Only time will tell whether the government coughs up. And this is a problem for the very person controlling the purse strings, Chancellor Rishi Sunak, who is after all a Yorkshire MP with a constituency that is not immune to flooding. Indeed the flash flooding in July 2019 was devastating to the farming community in the Yorkshire Dales.
Last night’s response from Rebecca Pow was less than satisfactory. A large proportion of her contribution was spent listing the details of the flooding last year, which was particularly unnecessary for those of us living directly in the eye of this storm (and as she comes from Somerset, it was probably unnecessary for her too). But figures were bandied around and it is possible that some good will come from this, and not just in South Yorkshire.

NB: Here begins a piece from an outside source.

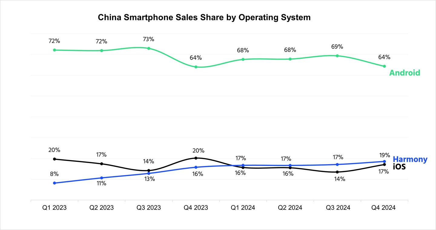 文章来源于互联网:IT之家-CounterPoint 报告 2024Q4 中国手机系统:安卓 64%,鸿蒙 19% 连续 4 个季度超 iOS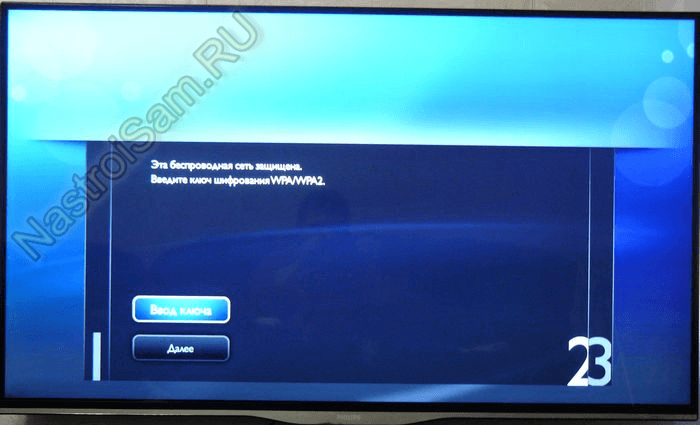 - Если такая кнопка не предусмотрена, то логин и пароль придется вводить вручную с помощью пульта ДУ. Нажимаете сканирование. Откроется перечень сетей, которые доступны. Вводите SSID (или ищете в списке) и ключ сети (пароль) и подключаетесь.

In the meantime, think of those people in communities still mopping up from last year who are facing the prospect of another lockdown in their homes with the knowledge that those homes may soon be flooded. As the South Yorkshire mayor wrote in the Yorkshire Post in June:
“The people who have been collecting shopping and medicines for those who are shielding. The volunteers who have produced PPE for the front-line. The pub landlord who has cooked hundreds of meals for vulnerable residents. It’s the same community spirit that I saw in abundance during the floods last November.”
These people are going to need resilience in spades this winter. Let’s hope that this summit in October tackles the reality for these communities now before winter sets in and it is too late.